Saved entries

========

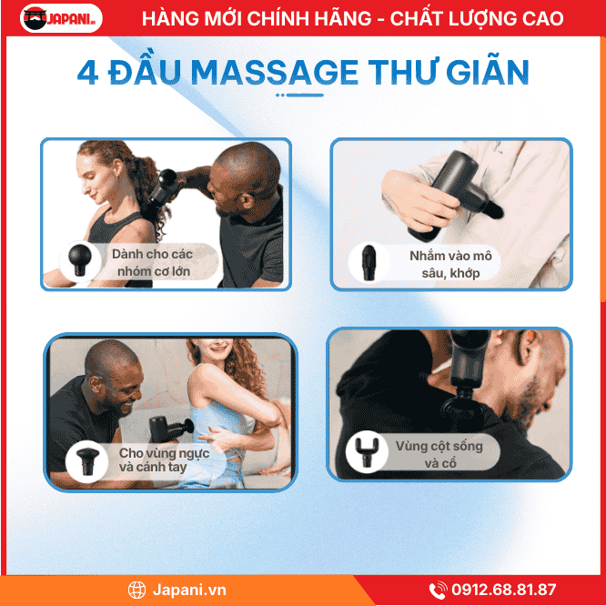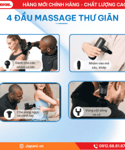 Máy xoa bóp cầm tay JAPANI MCT-2382 được trang bị 4 đầu massage chuyên biệt, mỗi đầu có chức năng riêng biệt:
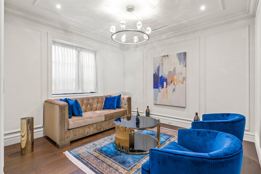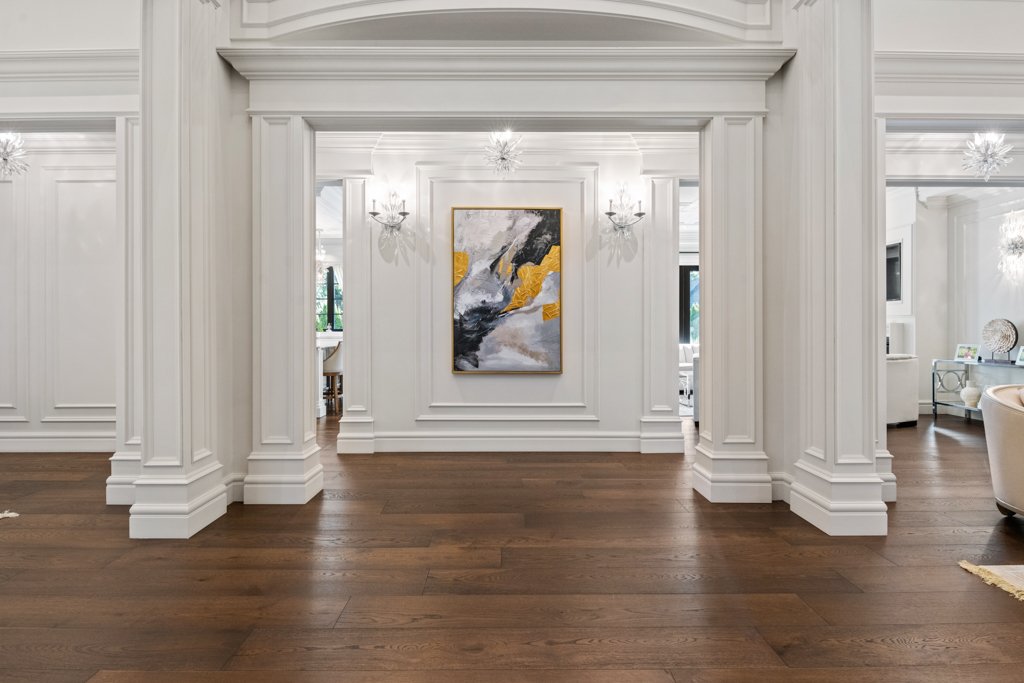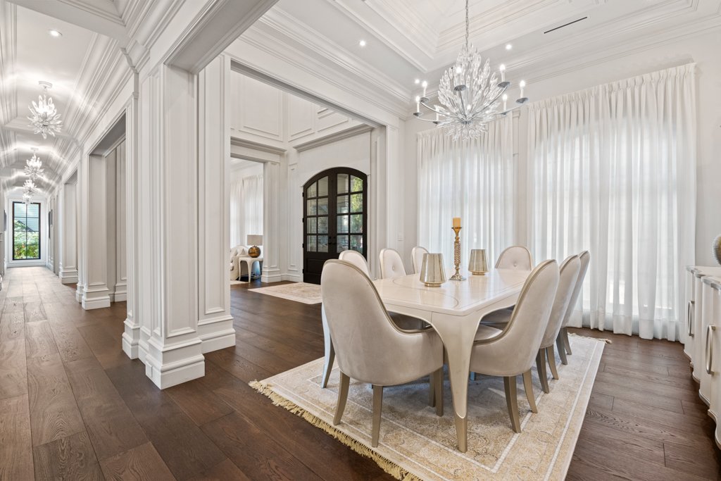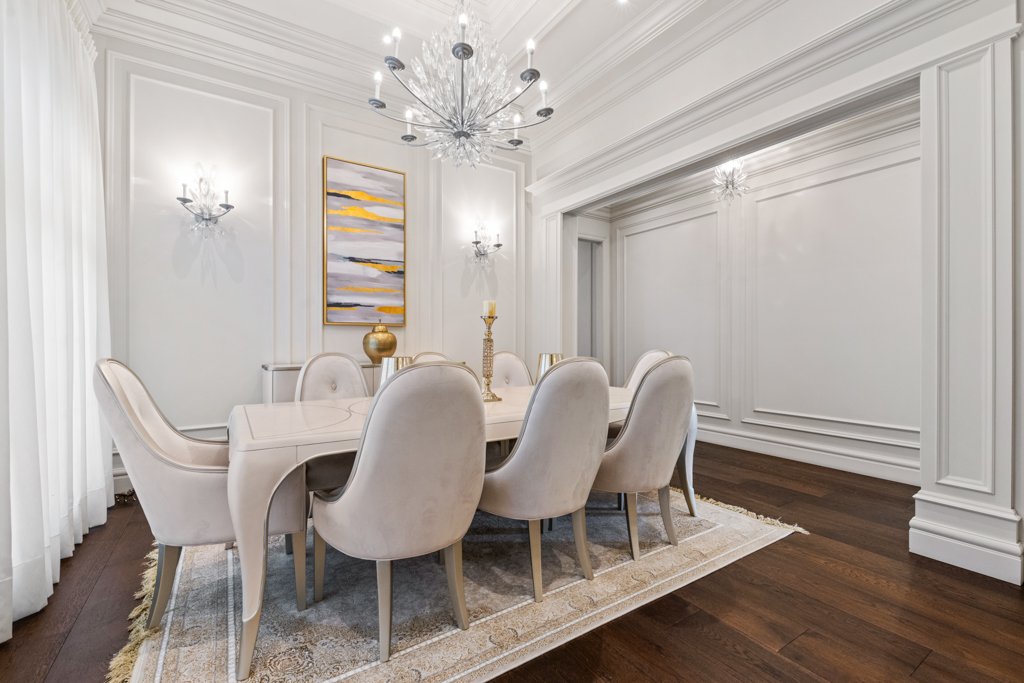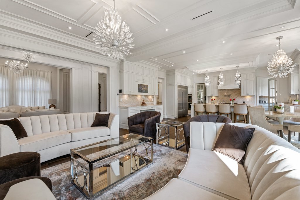 From the moment you enter, you are welcomed by grand-scale living with exquisite attention to detail—featuring custom millwork, rich finishes, and full smart-home automation. The entire home is equipped with automated lighting, integrated speakers throughout, and high-end crystal chandeliers that elevate every space with sophistication.
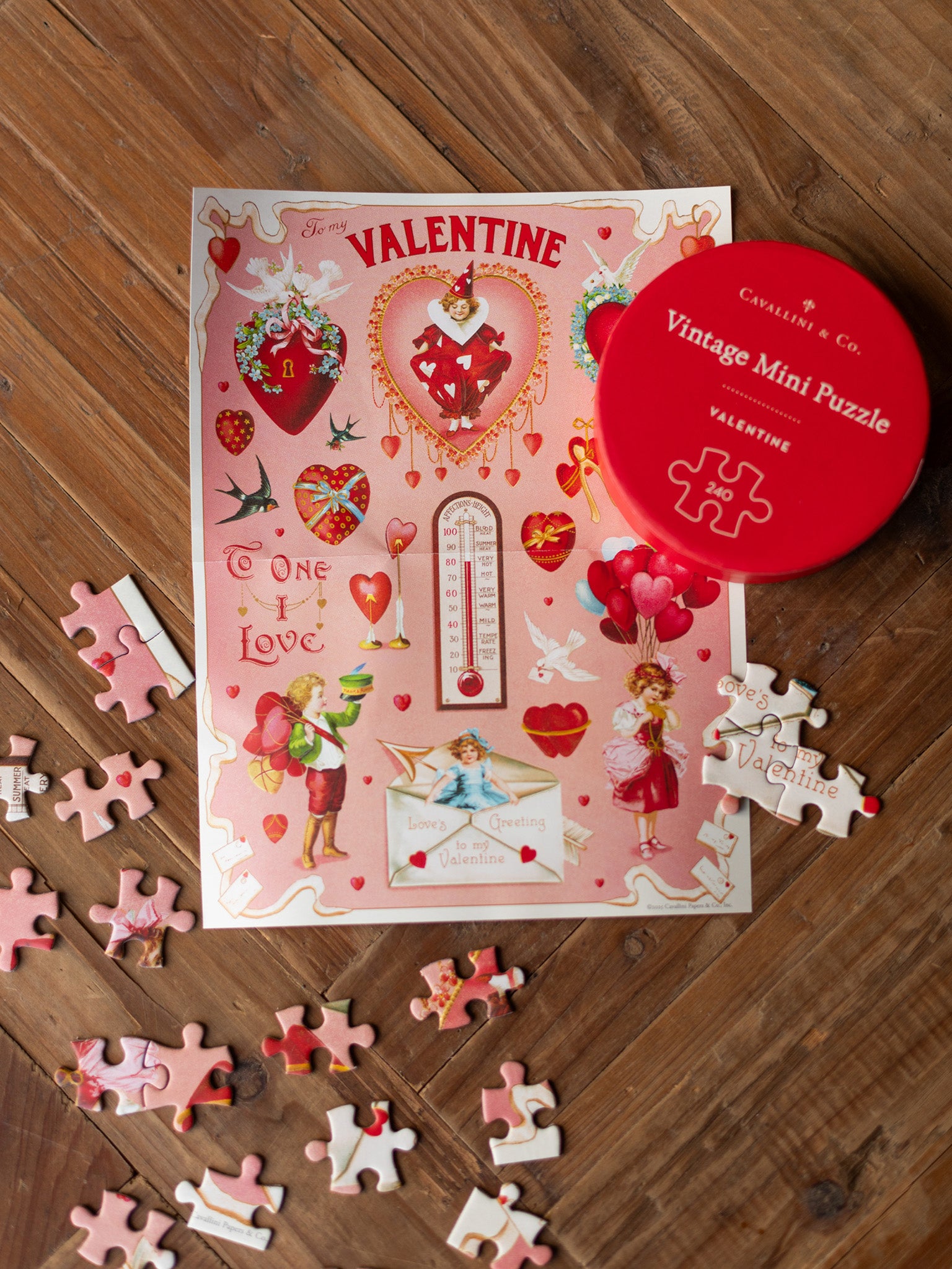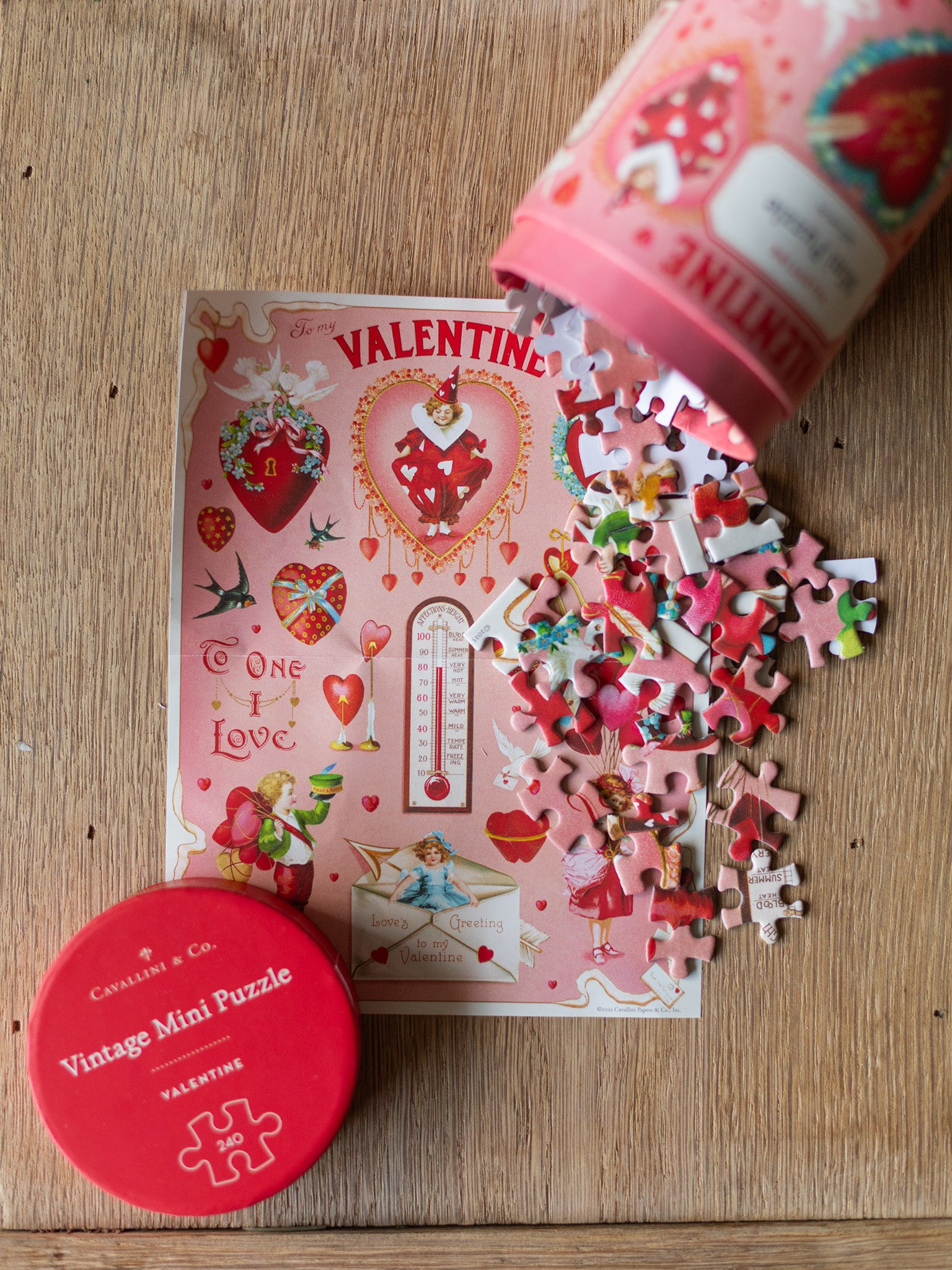 We love this Valentine’s Mini Puzzle. The artwork is pulled from vintage Valentine’s cards, with doves, cupids, candy hearts, and playful old lettering. With 240 pieces, it is easy to finish in one sitting, whether you spread it out on the table or work on it a little at a time. It comes in a reusable tube with a small guide tucked inside. A sweet little puzzle for a quiet afternoon or a thoughtful Valentine’s gift for a puzzle lover.
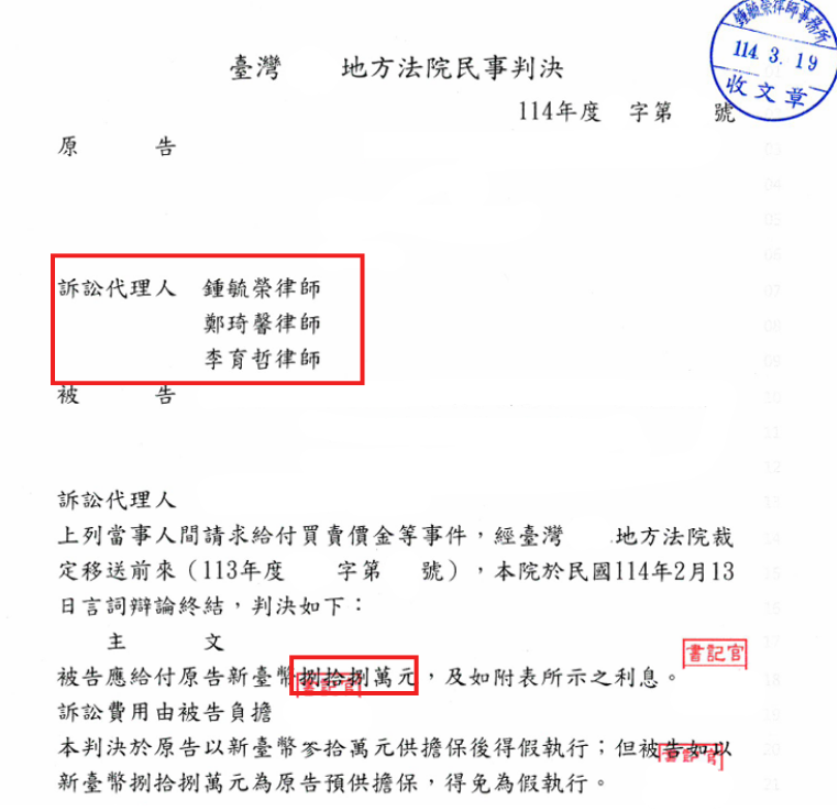 貨拿走,錢沒付?律師幫你追回!本所取得勝訴判決
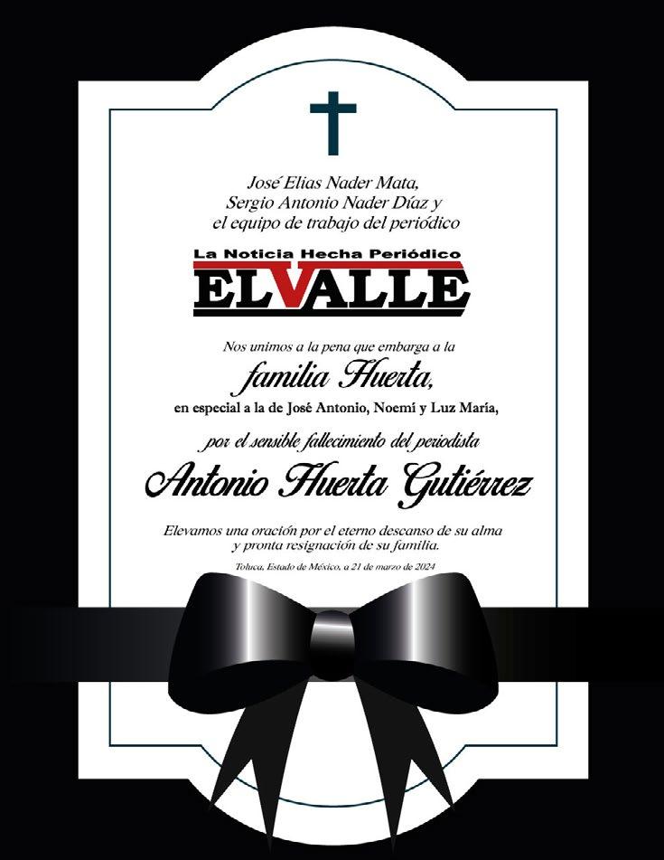 Hoy el periodismo mexiquense está de luto, se nos adelanta en el camino nuestro buen amigo TOÑO HUERTA, sin embargo, continuará presente en nuestros corazones y memoria, por ello es que elevamos una oración al cielo y nos unimos a la pena que embarga a su familia, en especial a ANTONIO, a NOEMI y a LUZ MARÍA, a quienes les manifestamos nuestro más sentido pésame, pero también el mensaje de que don TOÑO HUERTA siempre será recordado como un gran ser humano y periodista, un amigo al que siempre llevaremos en el corazón.
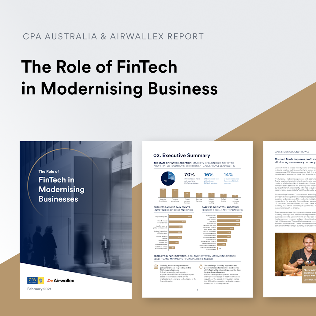 Global fintech unicorn Airwallex and Australia’s leading professional accounting body CPA Australia, launched the ‘The Role of FinTech in Modernising Businesses’ report today, which aims to educate businesses on emerging fintech solutions, and ultimately drive fintech adoption.
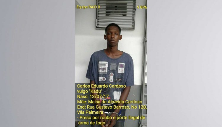O 9° BPM, por intermédio da equipe Raio Bravo, prendeu na noite da última quinta-feira (17), por volta das 22h:30, o nacional Carlos Eduardo Cardoso, 18 anos. O suspeito foi preso por porte ilegal de arma de fogo, no bairro Radional, em São Luís.
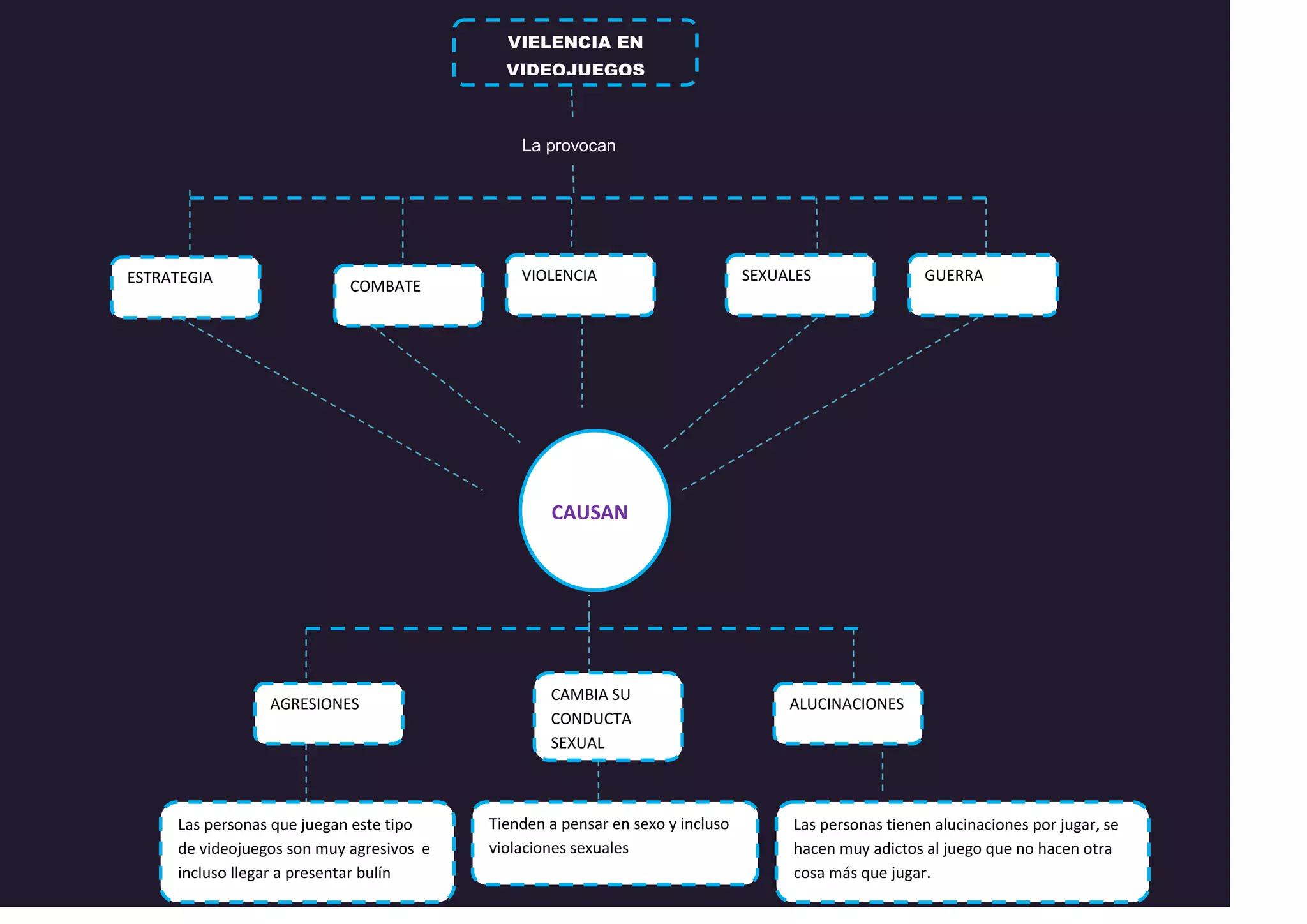 CAUSANLas personas tienenalucinaciones por jugar, se hacen muy adictos al juego que no hacen otra cosa más que jugar.Tienden a pensar en sexo y incluso violaciones sexualesLas personas que juegan este tipo de videojuegos son muy agresivos e incluso llegar a presentar bulínALUCINACIONESCAMBIA SU CONDUCTA SEXUALAGRESIONESCOMBATEESTRATEGIAGUERRASEXUALESVIOLENCIALa provocanVIELENCIA EN VIDEOJUEGOS<br />

========

PROBLEM TO SOLVE:
Would you retype the lines from the line containing "O 9° BPM, por" to the final line of the entries above, exactly as given and without pictures?

RESPONSE AREA:
O 9° BPM, por intermédio da equipe Raio Bravo, prendeu na noite da última quinta-feira (17), por volta das 22h:30, o nacional Carlos Eduardo Cardoso, 18 anos. O suspeito foi preso por porte ilegal de arma de fogo, no bairro Radional, em São Luís.
 CAUSANLas personas tienenalucinaciones por jugar, se hacen muy adictos al juego que no hacen otra cosa más que jugar.Tienden a pensar en sexo y incluso violaciones sexualesLas personas que juegan este tipo de videojuegos son muy agresivos e incluso llegar a presentar bulínALUCINACIONESCAMBIA SU CONDUCTA SEXUALAGRESIONESCOMBATEESTRATEGIAGUERRASEXUALESVIOLENCIALa provocanVIELENCIA EN VIDEOJUEGOS<br />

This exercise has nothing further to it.